+++ STORED DATA

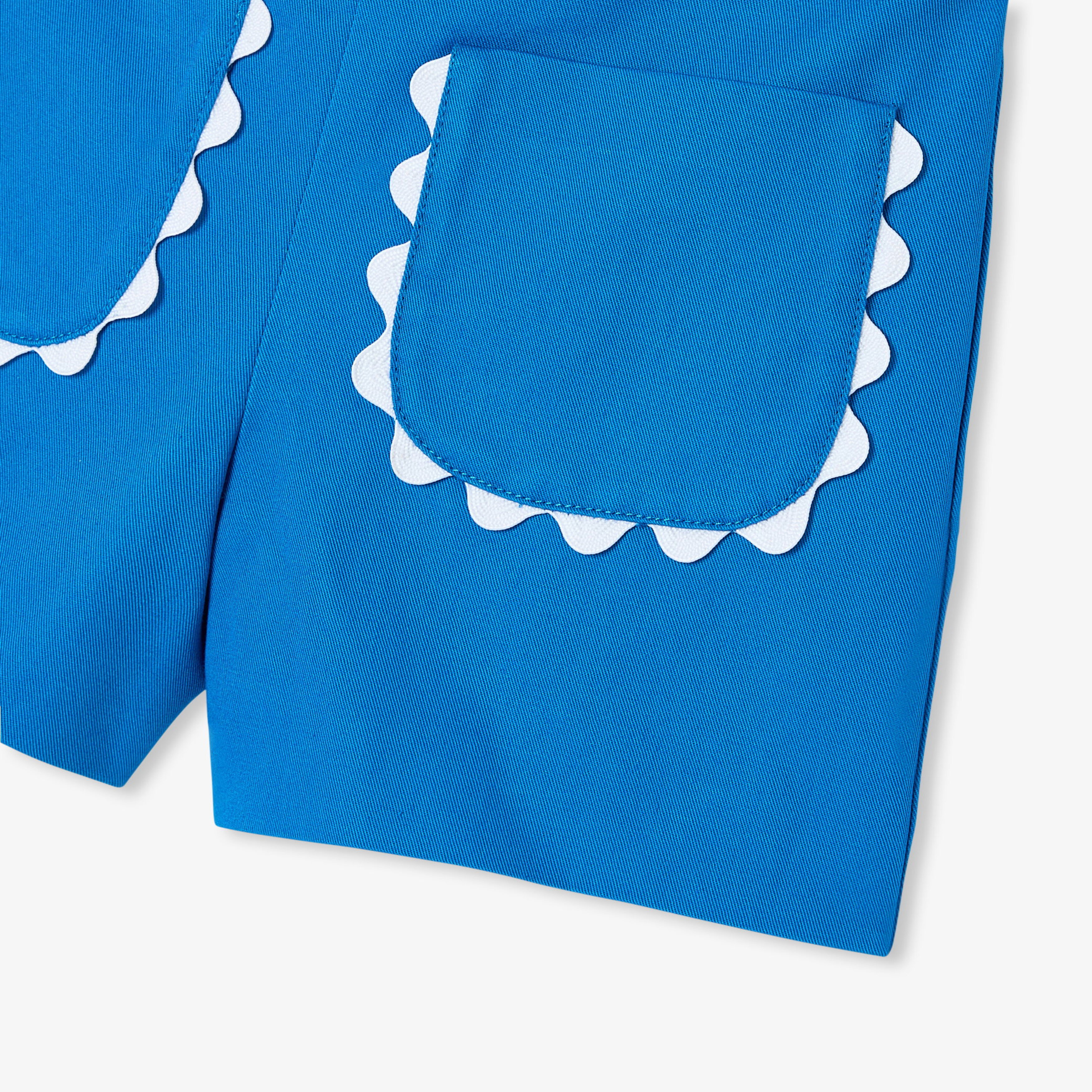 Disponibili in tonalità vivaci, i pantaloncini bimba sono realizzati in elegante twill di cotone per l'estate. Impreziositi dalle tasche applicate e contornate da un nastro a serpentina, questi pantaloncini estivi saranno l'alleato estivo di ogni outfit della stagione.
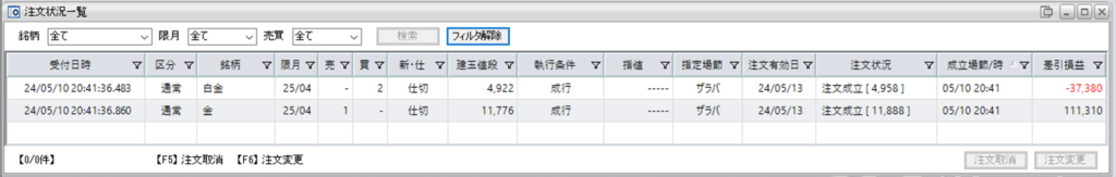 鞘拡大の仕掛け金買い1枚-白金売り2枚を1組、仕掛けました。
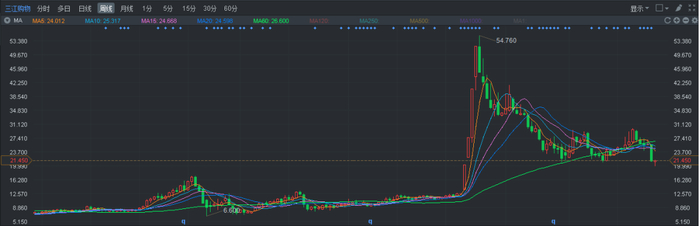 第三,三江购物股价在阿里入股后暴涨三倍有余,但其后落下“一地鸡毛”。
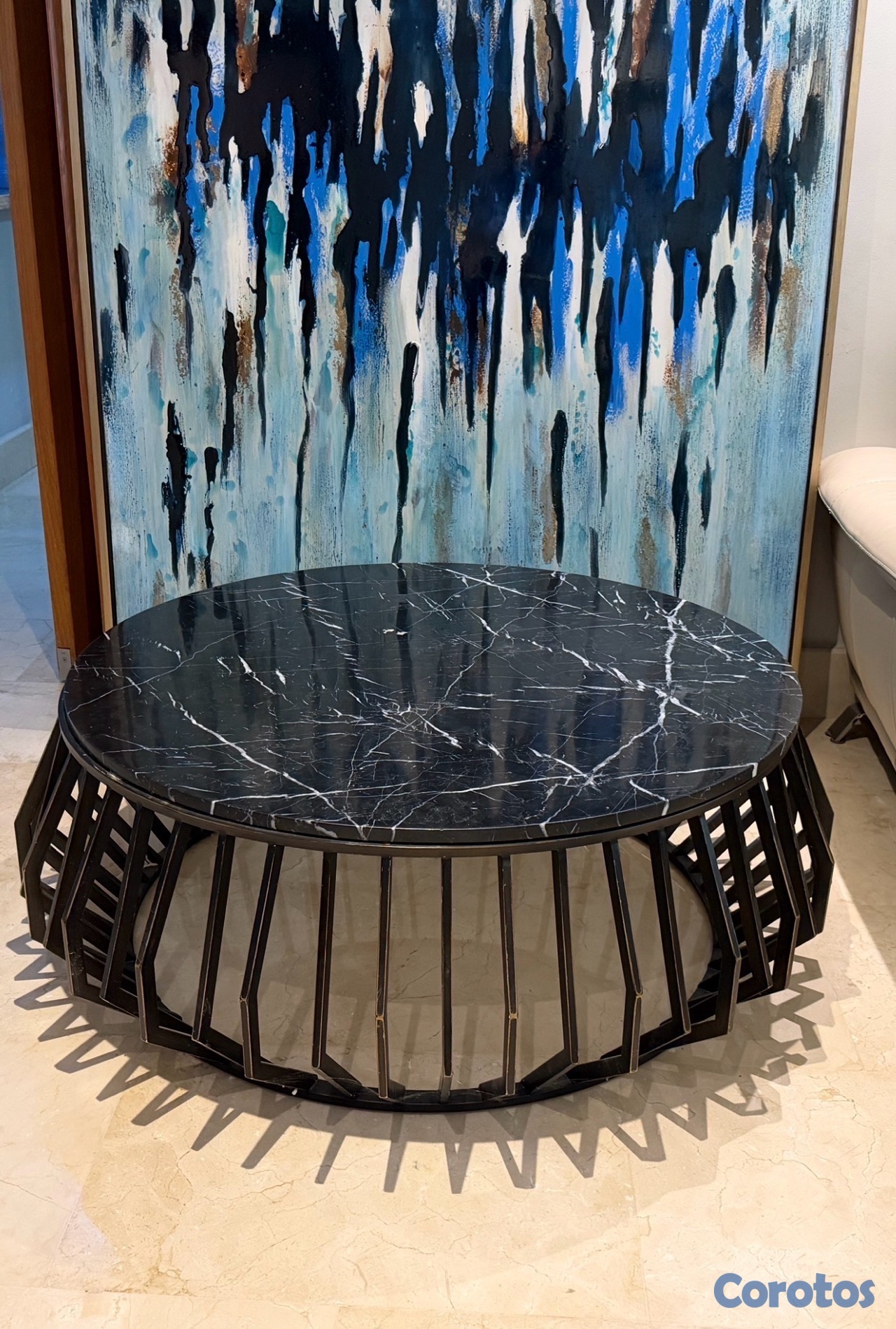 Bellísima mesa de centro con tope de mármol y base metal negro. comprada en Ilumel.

++++++

PROBLEM STATEMENT: Set down the line containing "鞘拡大の仕掛け金買い1枚-白金売り2枚を1組、仕掛けました。", then every later line through the end of the material, exactly as written; omit any picture.

FINISHED EXERCISE:
 鞘拡大の仕掛け金買い1枚-白金売り2枚を1組、仕掛けました。
 第三,三江购物股价在阿里入股后暴涨三倍有余,但其后落下“一地鸡毛”。
 Bellísima mesa de centro con tope de mármol y base metal negro. comprada en Ilumel.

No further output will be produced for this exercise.